Fate of a Man (Судьба человека, bgn/pcgn), also released as A Man's Destiny and Destiny of a Man, is a 1959 Soviet World War II film adaptation of the short story by Mikhail Sholokhov, and also the directorial debut of Sergei Bondarchuk. In the year of its release it won the Grand Prize at the 1st Moscow International Film Festival.

==Plot==
With the beginning of the Great Patriotic War, driver-turned-Soviet soldier Andrei Sokolov has to part with his family. In May 1942 he is taken prisoner by the Germans. Sokolov endures the hell of a Nazi concentration camp, but thanks to his courage he avoids execution and finally escapes from captivity behind the front line to his own. On a short front-line vacation to his small homeland Voronezh, he learns that his wife and both daughters have died during the bombing of Voronezh by German aircraft. Of those close to him, only his son remained, who became an officer. On the last day of the war, May 9, Andrei receives news that his son has died.
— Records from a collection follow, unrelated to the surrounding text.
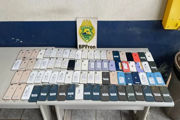 BPFRON apreende 83 aparelhos celulares de luxo em ônibus na cidade de Cascavel
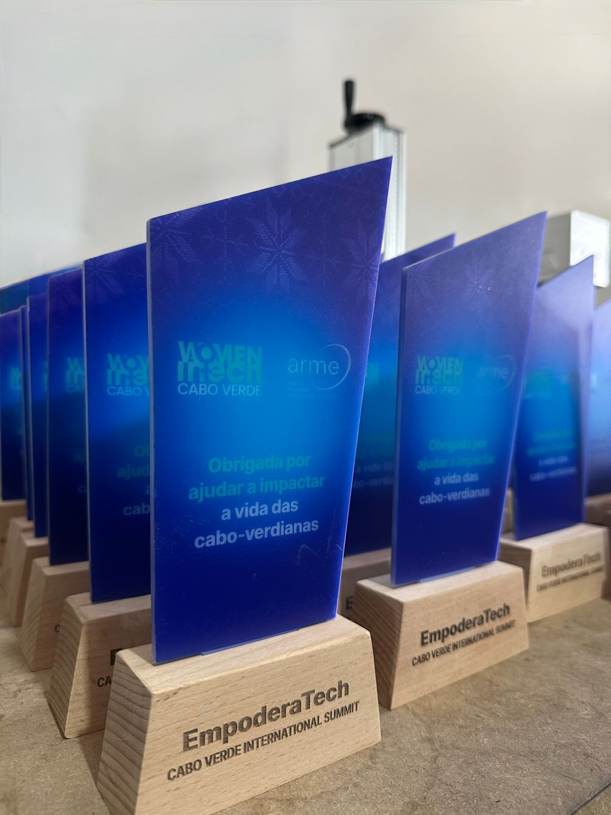 Troféus acrilico e madeira
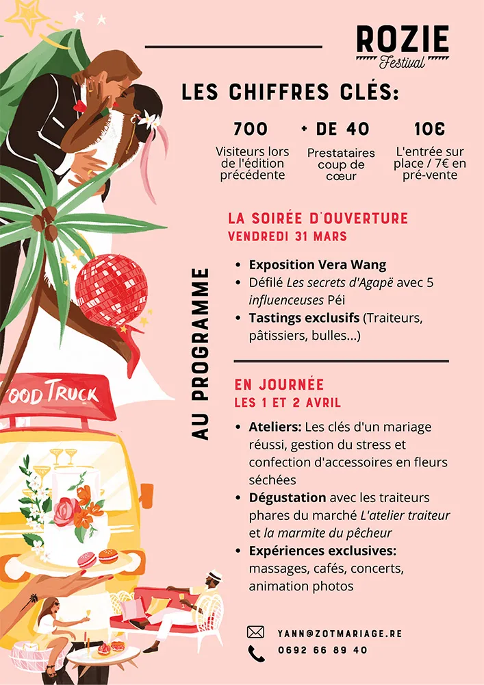 Exposition Vera Wang, la célèbre marque de robe de mariées américaine, défilé Les secrets d’Agapë avec la participation de 5 femmes inspirantes et créatrice de contenu péi, différents ateliers pour pousser l’expérience encore plus loin et de nouvelles pépites pour les évènements à la Réunion.
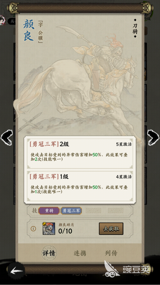 颜良的颜良样颜基础属性在蓝色品质的武将中算还可以的,武力值高达92点,良角智力稍微有点低只有41点,色强统率有89点,度解在攻击方面还是颜良样颜可以的,他一共有两各技能,良角一个叫做重骑,色强这个技能在初始阶段是一个可以提升中几率的技能。
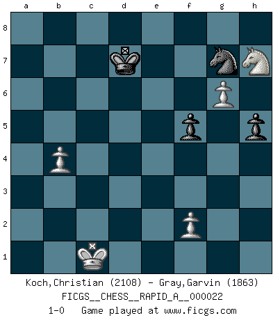 Last move : 1-0 2007 September 5 5:10:12 [Event "FICGS__CHESS__RAPID_A__000022"] [Site "FICGS"] [Date "2007.06.13"] [Round "1"] [White "Koch,Christian"] [Black "Gray,Garvin"] [Result "1-0"] [WhiteElo "2108"] [BlackElo "1863"] 1.e4 Nf6 2.e5 Nd5 3.d4 d6 4.Nf3 g6 5.Bc4 Nb6 6.Bb3 Bg7 7.Ng5 d5 8.h4 Nc6 9.Nc3 Bf5 10.g4 Bc8 11.Be3 f6 12.exf6 exf6 13.Nh3 Be6 14.Nf4 Qd7 15.Rg1 O-O-O 16.Na4 Nxa4 17.Bxa4 Rhe8 18.Qf3 f5 19.g5 Kb8 20.O-O-O a6 21.c3 Bf7 22.h5 b5 23.Bc2 b4 24.Ba4 bxc3 25.Qe2 Bxd4 26.Qxa6 Bb6 27.Bxb6 cxb6 28.Qxb6+ Qb7 29.Qxb7+ Kxb7 30.bxc3 gxh5 31.Bb3 Re4 32.Nxd5 Re2 33.Nf6 Bxb3 34.Rxd8 Rc2+ 35.Kb1 Nxd8 36.axb3 Rxc3 37.Nxh7 Ne6 38.g6 Ng7 39.Re1 Kc8 40.Rc1 Rxc1+ 41.Kxc1 Kd7 42.b4 1-0 Alekhine's defense : Modern, Fianchetto variation Queenside Castling by player Black (move 15) Queenside Castling by player White (move 20) 10 pieces endgame at move 40 : White KNPPP , Black KRNPP WHITE : King + 1 Knight 3 Pawns BLACK : King + 1 Rook 1 Knight 2 Pawns 9 pieces endgame at move 41 : White KNPPP , Black KNPP WHITE : King + 1 Knight 3 Pawns BLACK : King + 1 Knight 2 Pawns Player White won this chess game. Follow this game move after move (download)There must have been a time when men were demigods, or they could not have invented Chess. (Gustav Schenk) Jeder leidlich begabte Spieler, er braucht keineswegs hervorragend veranlagt zu sein, kann es zum Meister bringen. Aber das ist ja auch gar nicht nötig! Der richtige Standpunkt ist es, zu seinem Vergnügen zu spielen, und man glaube ja nicht, dass der Genuss proportional dem Können sei. (Siegbert Tarrasch) Yo nunca en mi vida he jugado la Defensa Francesa, que viene siendo la más aburrida de todas las Aperturas. (Wilhelm Steinitz) Vous m'avez demandé de vous exposer quel est le fondement de la prière. Je ne fais que préparer les pièces du jeu sur la table... Nous sera-t-il permis d'en adopter les règles et si nous les appliquons scrupuleusement nous ne tarderons pas à faire mat le Roi divin ! Il ne pourra échapper à nos mains. (Sainte Thérèse d'Avila, Chemin de perfection) Always remember that you are unique; just like everyone else. (Unknown)
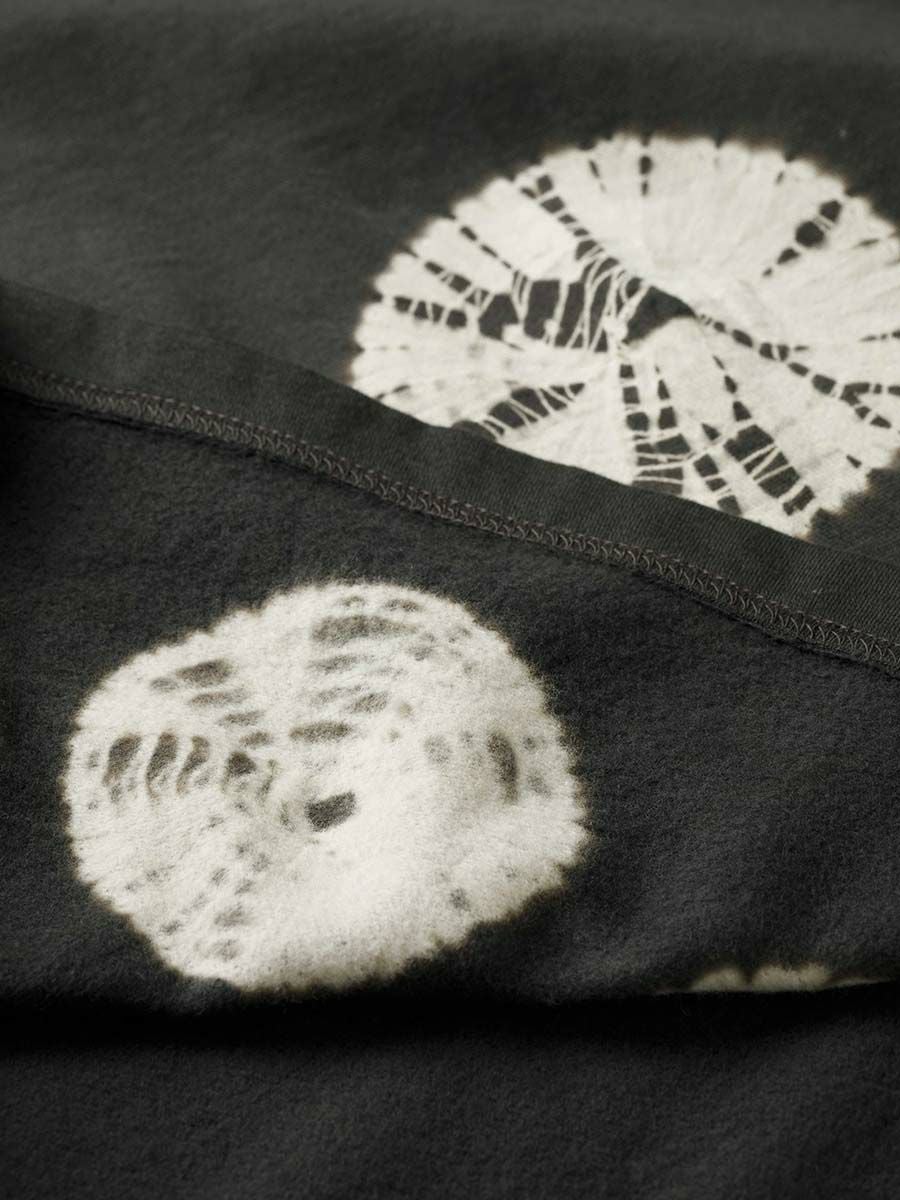 なめらかな肌触りと優雅な光沢感のある裏毛起毛素材に日本伝統の“絞り染め”を施したまさに唯一無二の逸品です。
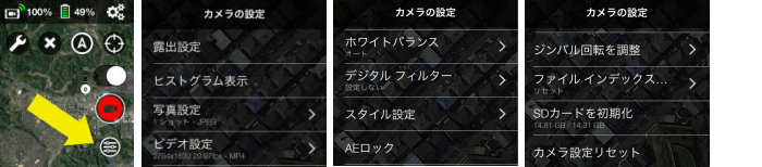 ここで設定できない項目は、Dji GO を使用して設定します。

After the war, the lonely Sokolov works as a truck driver away from his native places - in Uryupinsk (Stalingrad Oblast). There he meets a little boy Vanya, who was left an orphan: the boy's mother died during the bombing, and his father went missing during the war. Sokolov decides to tell the boy that he is his father, and by doing so he gives himself and the boy hope for a new happy family life.

==Cast==
- Sergei Bondarchuk as Andrei Sokolov
- Pavel Boriskin as Vanya
- Zinaida Kiriyenko as Irina, Sokolov's wife
- Pavel Volkov as Ivan Timofeyevich, Sokolov's neighbor
- Yuri Averin as Müller
- Kirill Alekseyev as German Major
- Pavel Vinnik as Soviet Colonel
- Lev Borisov as platoon
- Georgy Millyar as drunk German soldier
- Yevgeny Morgunov as fat German soldier (uncredited)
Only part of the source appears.